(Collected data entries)

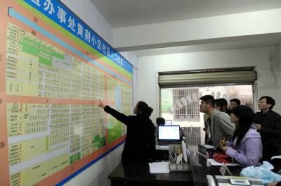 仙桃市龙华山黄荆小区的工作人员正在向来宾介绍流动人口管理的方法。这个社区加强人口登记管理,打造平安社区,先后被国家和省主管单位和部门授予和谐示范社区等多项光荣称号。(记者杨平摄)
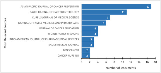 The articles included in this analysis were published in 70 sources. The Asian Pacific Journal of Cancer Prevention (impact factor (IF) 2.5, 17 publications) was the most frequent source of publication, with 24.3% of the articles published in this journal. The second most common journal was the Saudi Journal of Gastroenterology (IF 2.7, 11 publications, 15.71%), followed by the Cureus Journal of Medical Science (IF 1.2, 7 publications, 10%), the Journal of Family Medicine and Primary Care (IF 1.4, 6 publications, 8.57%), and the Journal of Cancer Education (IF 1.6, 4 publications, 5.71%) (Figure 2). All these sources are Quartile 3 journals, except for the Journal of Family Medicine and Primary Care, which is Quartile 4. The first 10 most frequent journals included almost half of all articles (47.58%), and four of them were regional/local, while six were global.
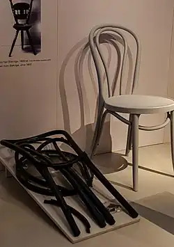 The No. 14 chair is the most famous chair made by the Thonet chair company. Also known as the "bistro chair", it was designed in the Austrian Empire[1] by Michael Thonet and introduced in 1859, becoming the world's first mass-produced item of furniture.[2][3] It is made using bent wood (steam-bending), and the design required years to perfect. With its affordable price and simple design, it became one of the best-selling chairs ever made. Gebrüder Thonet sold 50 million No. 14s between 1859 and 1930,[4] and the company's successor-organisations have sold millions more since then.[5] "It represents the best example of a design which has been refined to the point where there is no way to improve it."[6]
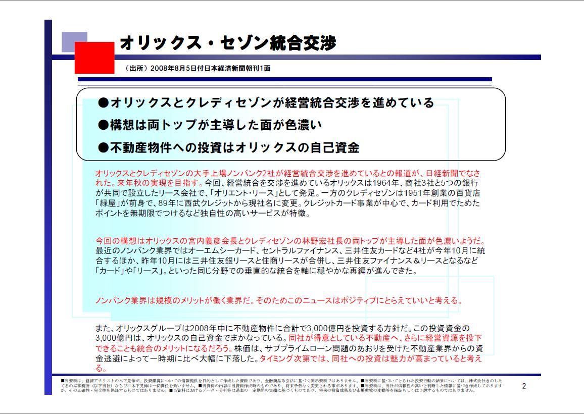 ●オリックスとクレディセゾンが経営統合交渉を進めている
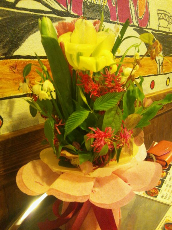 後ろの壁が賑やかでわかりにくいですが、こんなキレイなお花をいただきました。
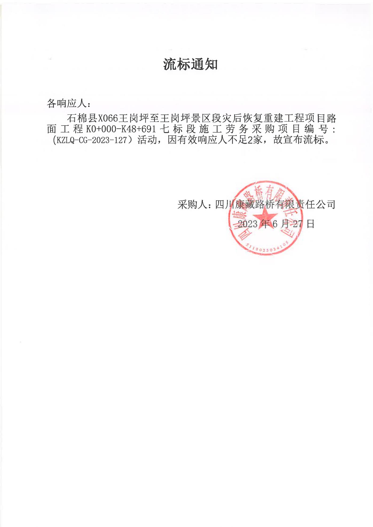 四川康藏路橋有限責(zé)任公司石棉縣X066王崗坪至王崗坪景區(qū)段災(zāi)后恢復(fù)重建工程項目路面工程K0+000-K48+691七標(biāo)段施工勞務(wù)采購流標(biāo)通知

» **What the task requires**: Keep the pictures out, and write out the rest of the data above word for word.

» **Result below**:
 仙桃市龙华山黄荆小区的工作人员正在向来宾介绍流动人口管理的方法。这个社区加强人口登记管理,打造平安社区,先后被国家和省主管单位和部门授予和谐示范社区等多项光荣称号。(记者杨平摄)
 The articles included in this analysis were published in 70 sources. The Asian Pacific Journal of Cancer Prevention (impact factor (IF) 2.5, 17 publications) was the most frequent source of publication, with 24.3% of the articles published in this journal. The second most common journal was the Saudi Journal of Gastroenterology (IF 2.7, 11 publications, 15.71%), followed by the Cureus Journal of Medical Science (IF 1.2, 7 publications, 10%), the Journal of Family Medicine and Primary Care (IF 1.4, 6 publications, 8.57%), and the Journal of Cancer Education (IF 1.6, 4 publications, 5.71%) (Figure 2). All these sources are Quartile 3 journals, except for the Journal of Family Medicine and Primary Care, which is Quartile 4. The first 10 most frequent journals included almost half of all articles (47.58%), and four of them were regional/local, while six were global.
 The No. 14 chair is the most famous chair made by the Thonet chair company. Also known as the "bistro chair", it was designed in the Austrian Empire[1] by Michael Thonet and introduced in 1859, becoming the world's first mass-produced item of furniture.[2][3] It is made using bent wood (steam-bending), and the design required years to perfect. With its affordable price and simple design, it became one of the best-selling chairs ever made. Gebrüder Thonet sold 50 million No. 14s between 1859 and 1930,[4] and the company's successor-organisations have sold millions more since then.[5] "It represents the best example of a design which has been refined to the point where there is no way to improve it."[6]
 ●オリックスとクレディセゾンが経営統合交渉を進めている
 後ろの壁が賑やかでわかりにくいですが、こんなキレイなお花をいただきました。
 四川康藏路橋有限責(zé)任公司石棉縣X066王崗坪至王崗坪景區(qū)段災(zāi)后恢復(fù)重建工程項目路面工程K0+000-K48+691七標(biāo)段施工勞務(wù)采購流標(biāo)通知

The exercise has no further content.